**TASK GOAL:** In the entries below, begin at the line with "Przy drodze krajowej" and stop after the line with "Jørgen Jensen Tin, stort"; output those lines exactly and omit the pictures.
** Opening EXTRACTED DATA block **
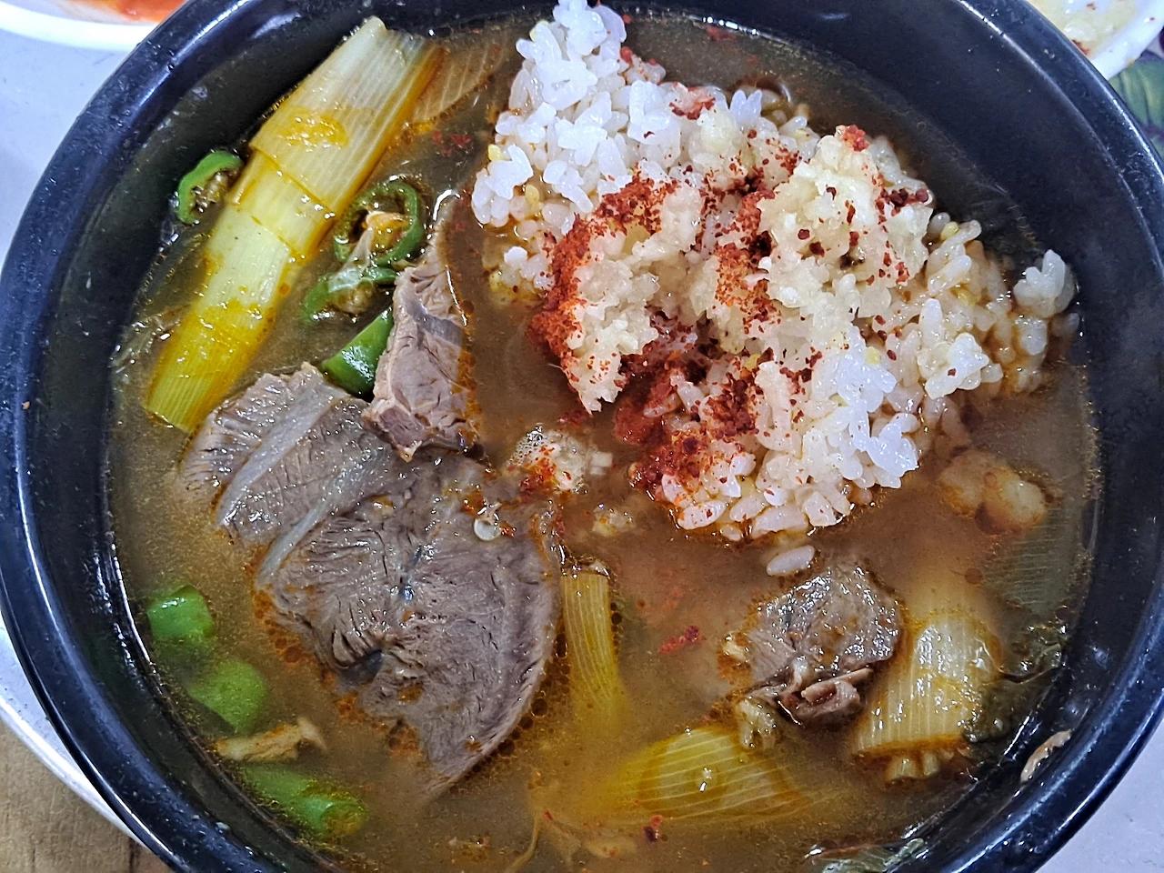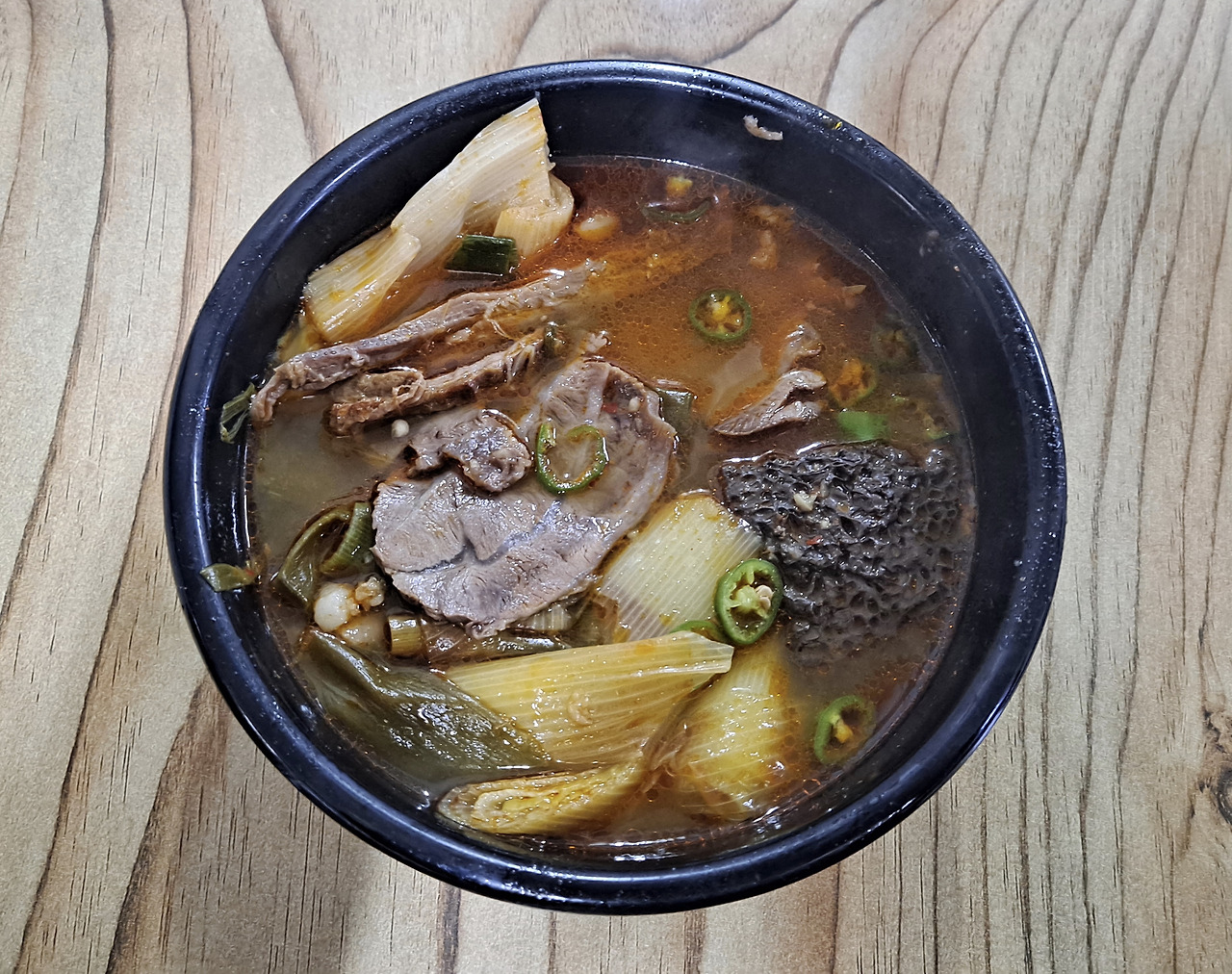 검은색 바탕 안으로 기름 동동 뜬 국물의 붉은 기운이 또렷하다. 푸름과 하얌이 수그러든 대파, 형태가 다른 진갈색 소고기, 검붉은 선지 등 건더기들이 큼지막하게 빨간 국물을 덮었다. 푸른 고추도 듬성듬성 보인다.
** Closing EXTRACTED DATA block **
** Opening EXTRACTED DATA block **
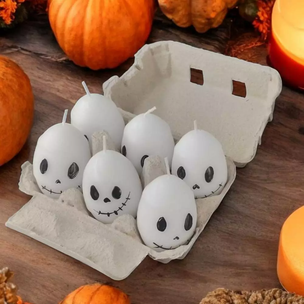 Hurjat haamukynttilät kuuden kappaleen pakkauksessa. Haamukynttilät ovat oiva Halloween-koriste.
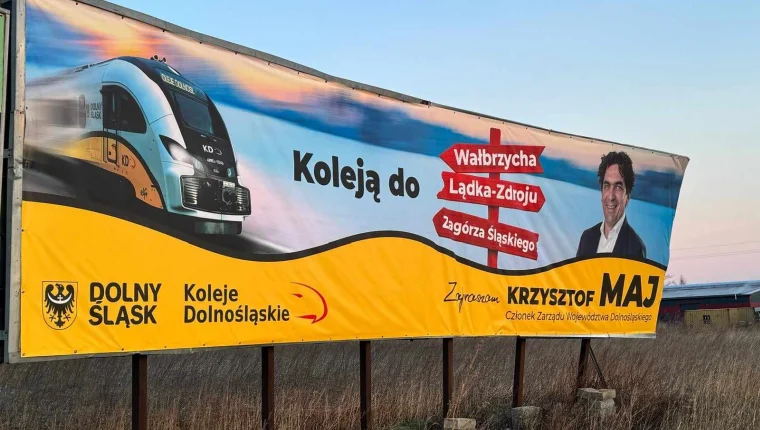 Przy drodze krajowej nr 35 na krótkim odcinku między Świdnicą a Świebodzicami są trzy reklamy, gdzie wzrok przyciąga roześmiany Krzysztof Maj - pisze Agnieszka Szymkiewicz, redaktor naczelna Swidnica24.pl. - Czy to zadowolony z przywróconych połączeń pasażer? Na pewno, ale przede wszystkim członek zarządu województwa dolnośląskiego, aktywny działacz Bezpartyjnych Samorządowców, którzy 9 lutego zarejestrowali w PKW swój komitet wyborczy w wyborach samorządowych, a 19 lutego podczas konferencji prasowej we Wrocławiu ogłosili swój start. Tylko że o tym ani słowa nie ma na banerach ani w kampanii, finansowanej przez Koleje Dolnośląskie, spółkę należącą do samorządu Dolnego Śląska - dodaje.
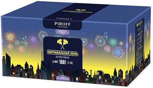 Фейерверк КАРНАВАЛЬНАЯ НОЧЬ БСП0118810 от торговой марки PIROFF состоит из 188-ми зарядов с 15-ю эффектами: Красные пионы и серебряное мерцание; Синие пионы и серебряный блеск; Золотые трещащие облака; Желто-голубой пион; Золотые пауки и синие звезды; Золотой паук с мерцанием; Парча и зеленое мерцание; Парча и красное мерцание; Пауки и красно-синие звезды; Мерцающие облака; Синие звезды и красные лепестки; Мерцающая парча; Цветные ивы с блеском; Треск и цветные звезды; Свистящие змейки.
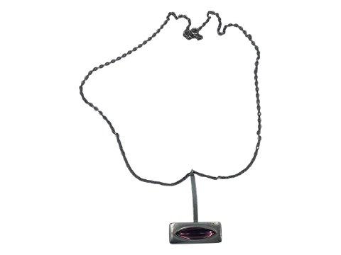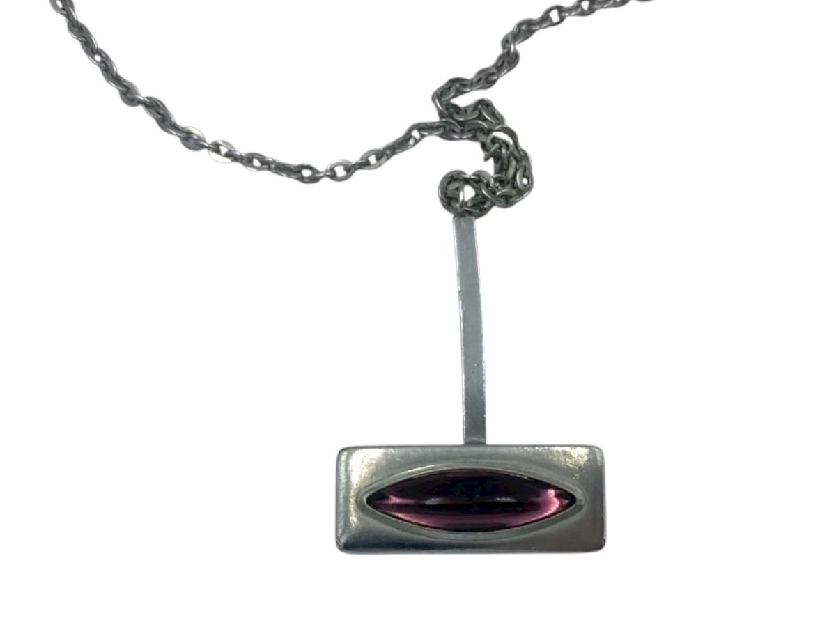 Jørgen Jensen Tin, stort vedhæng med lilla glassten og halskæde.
** Closing EXTRACTED DATA block **
**RESULT OF THE EXERCISE:**
 Przy drodze krajowej nr 35 na krótkim odcinku między Świdnicą a Świebodzicami są trzy reklamy, gdzie wzrok przyciąga roześmiany Krzysztof Maj - pisze Agnieszka Szymkiewicz, redaktor naczelna Swidnica24.pl. - Czy to zadowolony z przywróconych połączeń pasażer? Na pewno, ale przede wszystkim członek zarządu województwa dolnośląskiego, aktywny działacz Bezpartyjnych Samorządowców, którzy 9 lutego zarejestrowali w PKW swój komitet wyborczy w wyborach samorządowych, a 19 lutego podczas konferencji prasowej we Wrocławiu ogłosili swój start. Tylko że o tym ani słowa nie ma na banerach ani w kampanii, finansowanej przez Koleje Dolnośląskie, spółkę należącą do samorządu Dolnego Śląska - dodaje.
 Фейерверк КАРНАВАЛЬНАЯ НОЧЬ БСП0118810 от торговой марки PIROFF состоит из 188-ми зарядов с 15-ю эффектами: Красные пионы и серебряное мерцание; Синие пионы и серебряный блеск; Золотые трещащие облака; Желто-голубой пион; Золотые пауки и синие звезды; Золотой паук с мерцанием; Парча и зеленое мерцание; Парча и красное мерцание; Пауки и красно-синие звезды; Мерцающие облака; Синие звезды и красные лепестки; Мерцающая парча; Цветные ивы с блеском; Треск и цветные звезды; Свистящие змейки.
 Jørgen Jensen Tin, stort vedhæng med lilla glassten og halskæde.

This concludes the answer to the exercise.